About this exercise -> All of the entries should be restated word for word, but without their pictures.
***** Data under study
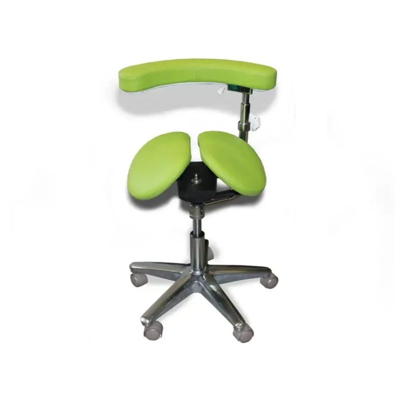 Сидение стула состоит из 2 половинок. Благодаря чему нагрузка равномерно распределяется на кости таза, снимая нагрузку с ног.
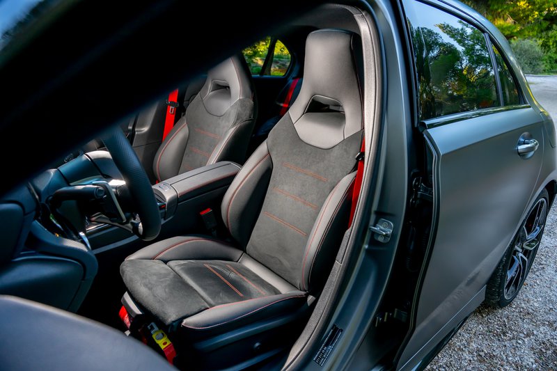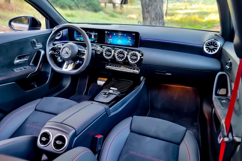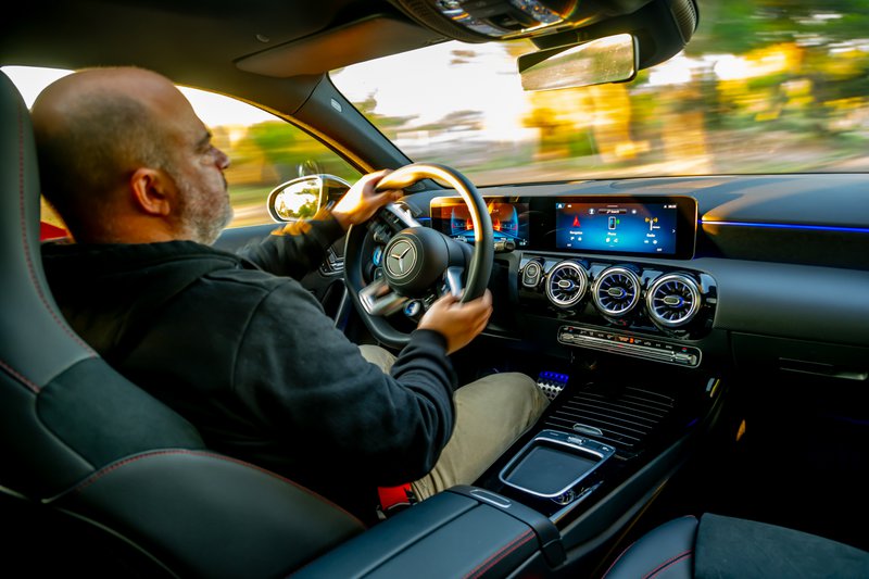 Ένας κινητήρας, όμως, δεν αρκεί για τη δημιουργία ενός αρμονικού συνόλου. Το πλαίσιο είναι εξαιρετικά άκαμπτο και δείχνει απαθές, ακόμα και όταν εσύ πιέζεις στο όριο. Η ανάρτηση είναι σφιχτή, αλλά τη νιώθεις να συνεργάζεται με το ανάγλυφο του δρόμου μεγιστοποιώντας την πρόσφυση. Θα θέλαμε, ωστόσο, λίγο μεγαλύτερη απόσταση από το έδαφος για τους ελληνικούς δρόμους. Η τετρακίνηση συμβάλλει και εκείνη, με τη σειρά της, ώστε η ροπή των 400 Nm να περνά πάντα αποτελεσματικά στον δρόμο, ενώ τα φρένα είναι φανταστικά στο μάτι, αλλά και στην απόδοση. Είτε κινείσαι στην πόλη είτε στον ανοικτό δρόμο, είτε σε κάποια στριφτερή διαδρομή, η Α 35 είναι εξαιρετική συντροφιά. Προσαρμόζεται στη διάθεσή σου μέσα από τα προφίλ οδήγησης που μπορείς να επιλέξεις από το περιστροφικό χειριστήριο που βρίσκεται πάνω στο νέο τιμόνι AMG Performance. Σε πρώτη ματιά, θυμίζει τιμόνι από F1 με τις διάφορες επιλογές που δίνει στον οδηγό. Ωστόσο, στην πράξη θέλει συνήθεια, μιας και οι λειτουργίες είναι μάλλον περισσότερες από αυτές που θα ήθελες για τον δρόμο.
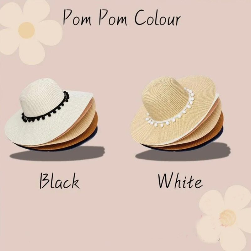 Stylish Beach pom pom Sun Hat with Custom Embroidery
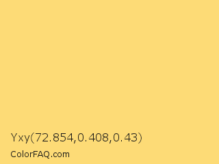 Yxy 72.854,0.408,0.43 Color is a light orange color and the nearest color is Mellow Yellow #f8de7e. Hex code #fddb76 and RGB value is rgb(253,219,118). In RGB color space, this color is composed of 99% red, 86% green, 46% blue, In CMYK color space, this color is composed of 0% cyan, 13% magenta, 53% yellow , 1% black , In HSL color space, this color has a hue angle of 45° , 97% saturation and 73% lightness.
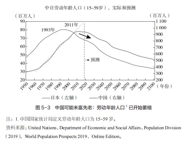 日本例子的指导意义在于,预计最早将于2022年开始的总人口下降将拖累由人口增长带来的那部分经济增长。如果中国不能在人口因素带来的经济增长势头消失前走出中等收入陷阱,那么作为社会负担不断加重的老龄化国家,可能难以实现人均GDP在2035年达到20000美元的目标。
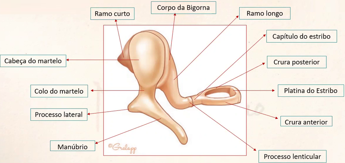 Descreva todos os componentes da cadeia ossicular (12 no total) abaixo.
**********
Written solution ->
 Сидение стула состоит из 2 половинок. Благодаря чему нагрузка равномерно распределяется на кости таза, снимая нагрузку с ног.
 Ένας κινητήρας, όμως, δεν αρκεί για τη δημιουργία ενός αρμονικού συνόλου. Το πλαίσιο είναι εξαιρετικά άκαμπτο και δείχνει απαθές, ακόμα και όταν εσύ πιέζεις στο όριο. Η ανάρτηση είναι σφιχτή, αλλά τη νιώθεις να συνεργάζεται με το ανάγλυφο του δρόμου μεγιστοποιώντας την πρόσφυση. Θα θέλαμε, ωστόσο, λίγο μεγαλύτερη απόσταση από το έδαφος για τους ελληνικούς δρόμους. Η τετρακίνηση συμβάλλει και εκείνη, με τη σειρά της, ώστε η ροπή των 400 Nm να περνά πάντα αποτελεσματικά στον δρόμο, ενώ τα φρένα είναι φανταστικά στο μάτι, αλλά και στην απόδοση. Είτε κινείσαι στην πόλη είτε στον ανοικτό δρόμο, είτε σε κάποια στριφτερή διαδρομή, η Α 35 είναι εξαιρετική συντροφιά. Προσαρμόζεται στη διάθεσή σου μέσα από τα προφίλ οδήγησης που μπορείς να επιλέξεις από το περιστροφικό χειριστήριο που βρίσκεται πάνω στο νέο τιμόνι AMG Performance. Σε πρώτη ματιά, θυμίζει τιμόνι από F1 με τις διάφορες επιλογές που δίνει στον οδηγό. Ωστόσο, στην πράξη θέλει συνήθεια, μιας και οι λειτουργίες είναι μάλλον περισσότερες από αυτές που θα ήθελες για τον δρόμο.
 Stylish Beach pom pom Sun Hat with Custom Embroidery
 Yxy 72.854,0.408,0.43 Color is a light orange color and the nearest color is Mellow Yellow #f8de7e. Hex code #fddb76 and RGB value is rgb(253,219,118). In RGB color space, this color is composed of 99% red, 86% green, 46% blue, In CMYK color space, this color is composed of 0% cyan, 13% magenta, 53% yellow , 1% black , In HSL color space, this color has a hue angle of 45° , 97% saturation and 73% lightness.
 日本例子的指导意义在于,预计最早将于2022年开始的总人口下降将拖累由人口增长带来的那部分经济增长。如果中国不能在人口因素带来的经济增长势头消失前走出中等收入陷阱,那么作为社会负担不断加重的老龄化国家,可能难以实现人均GDP在2035年达到20000美元的目标。
 Descreva todos os componentes da cadeia ossicular (12 no total) abaixo.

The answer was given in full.